Caltex Australia Limited (CAL) has an established audit committee as set out in the committee charter (CAL, 2009). It is also in regard to the CAL's Constitution. In relation to all the requirements of the audit committee, compliance to the recommendations is of paramount importance. To start with, the role of the audit committee in CAL is clearly outlined. This includes assisting the Board in fulfilling integrity to shareholders, approval of the extent of duty for external audit plan and conditions and addressing the appropriateness of the CAL's accounting policies, risk practices on financial risks and integrity of the financial reports. In terms of the responsibilities of the committee, advisory role is major. However, the role includes various functions. They include: integrity in reporting, financial risk management and appropriate compliance to corporations Act, external and internal auditors monitoring.

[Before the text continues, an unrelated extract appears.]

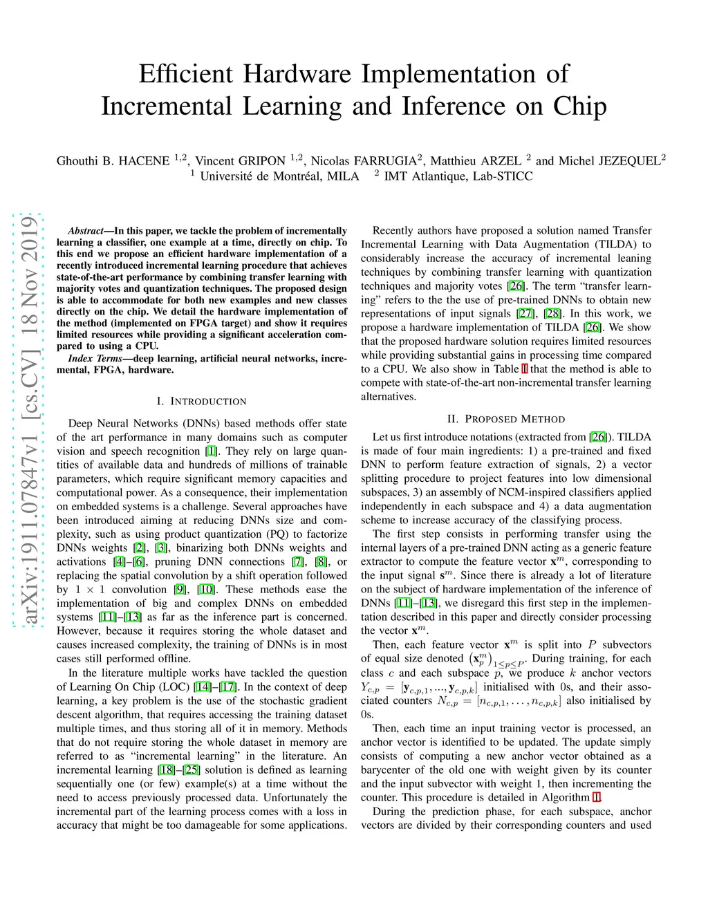 Efficient Hardware Implementation of Incremental Learning and Inference
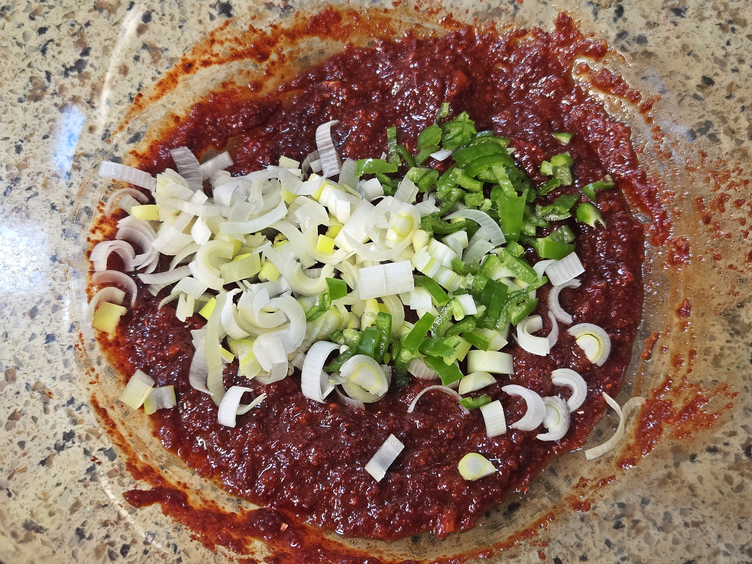 양념에 대파와 청양고추를 넣고 잘 섞어줍니다.

Most importantly, CAL's audit committee has a clearly spelt membership and attendance. The committee is supposed to comprise of 3 non-executive directors, besides the Board Chairman, appointed by the Board. The members of the committee are independent directors. Similarly, the chairman is an independent director appointed by the Board. As requested by the chairman, members of the senior management should attend all or part of the committee meetings. Skills and competences of the committee members are essential. CAL's audit committee has to possess diverse perspectives and skills on different matters such as understanding of financial statements, financial management qualifications and competences by at least one member and in-depth understanding of the industry operated by CAL by any of the member. Meetings with external and internal auditors are as approved by the committee chairman in absence of the management. At least 2 members can hold a meeting which should not be less than four times in a year.

Conclusion

The accountability of corporate financial reporting highly depends on the role played by the audit committee. The structure, composition and operation of the audit committee are essential towards the maintenance of effective performance. An independent audit committee can yield very positive results to an organization. Conversely, absence of independence by the committee puts the process of financial reporting in jeopardy. ACE is thus as a result of adequate provision of critical freedom and enhancement.